The mental side of things feels like it’s more permanent. No matter how snugly I’ve managed to tuck in books and ideas in my youth, my brain gets fuller, and adding new information feels like I’m approaching the upper range of the Tetris board, and struggling to complete a row. I know that the sci-fi metaphor of jettisoning early memories in order to make room for new ones is flawed, but it feels true to me as I struggle to remember names, specialized vocabulary, and the like, all in service of keeping up with the Discourse, and making steady progress on my book manuscript.
About ten years ago, when I was deeper into digital humanities and thinking about how to talk about and work with what was once called big data, I came across a really interesting illustration of those things1. It’s a study that makes use of the data that Spotify was gathering at the time, and articulates an idea that sounds really obvious, but is tricky to actually prove.
This graph comes from a post by Ajay Kalia, called “Music was better back then”: When do we stop keeping up with popular music? There’s more to the study than the information represented above, but this was the bit that interested me most (and I thought the “graph” was pretty clever as well). It demonstrates what Kalia describes as a “coolness spiral of death,” whereby teenagers are streaming (and presumably driving) the most popular music at the moment2 while older consumers are sliding down towards the long tail of artists3. They’re less likely to “replace” the music of their teens and twenties with whatever’s current.
There are all sorts of implications to this data that get at our cultural, collective relationship to music. My own personal experience moving along this graph matches up with my own listening habits—I’ve aged off the graph entirely (!!) and I’m far more likely to build a playlist around the music from my high school and college years4 than I am to find out what’s current. But this isn’t entirely a direct function of age. One piece of it is that music occupies a different (smaller) role in my life as a fully grown adult than it did when I was willing to spend disposable income on records, tapes, CDs, concerts, and the like. And of course, technology is an even bigger part of that—there are no record stores to visit, radio feels far more corporate than it used to, and MTV was a much different place for my generation.

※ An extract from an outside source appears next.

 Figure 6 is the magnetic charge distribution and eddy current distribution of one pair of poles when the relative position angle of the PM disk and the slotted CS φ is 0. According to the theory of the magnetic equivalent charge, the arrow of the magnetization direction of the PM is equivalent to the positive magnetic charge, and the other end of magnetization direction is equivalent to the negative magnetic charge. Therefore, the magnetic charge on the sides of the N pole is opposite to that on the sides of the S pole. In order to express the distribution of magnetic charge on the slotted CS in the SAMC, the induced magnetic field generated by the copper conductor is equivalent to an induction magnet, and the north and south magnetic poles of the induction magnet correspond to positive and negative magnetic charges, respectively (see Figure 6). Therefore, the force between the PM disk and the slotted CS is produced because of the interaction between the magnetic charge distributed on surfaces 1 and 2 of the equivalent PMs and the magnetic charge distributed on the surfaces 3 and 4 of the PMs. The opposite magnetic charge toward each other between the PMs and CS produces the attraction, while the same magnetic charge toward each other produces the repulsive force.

In fact, I’d go so far as to say that the graph above, because it was generated on 2015 data, in the earliest stages of Spotify’s near-monopoly on music, actually reflects a pattern based on a model of music consumption that has largely vanished in the process. It would have been impossible to gather enough data to produce that graph prior to the 2010s. It’s not that people weren’t listening to music; rather, the media through which they did so were significantly more dispersed and diverse. As Spotify began to take over that distribution, my guess is that listening habits on the platform probably echoed listening habits formed in the era of record sales and radio airplay. At some point, though, I’m certain that this relationship inverted. Did it invert to the point that Spotify users started being molded to the platform in such a way that this maturation pattern locked in? (It would have been child’s play to algorithmically force feed younger users more popular and current music, with looser recommendation metrics for older ones.) I don’t know, and I don’t think that Spotify would ever release the data that could test this hypothesis.

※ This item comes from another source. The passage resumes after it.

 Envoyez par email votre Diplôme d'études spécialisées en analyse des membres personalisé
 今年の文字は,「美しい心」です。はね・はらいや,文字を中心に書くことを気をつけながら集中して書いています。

But think of it this way: when my generation was growing up, “staying current” meant visiting those stores, spending time with radio and/or MTV, etc., the friction-bearing activities that made currency something to accomplish. Those of us who cultivated niche awareness worked even harder at it—I wore out the “Imports” bin at my local record store to find British post-punk albums to add to my collection. For the better part of the past decade, though, we can just open the app and select whatever clever name Spotify has assigned to contemporary, blockbuster, music industry fare. They can lock us in at the center of the graph, effortlessly.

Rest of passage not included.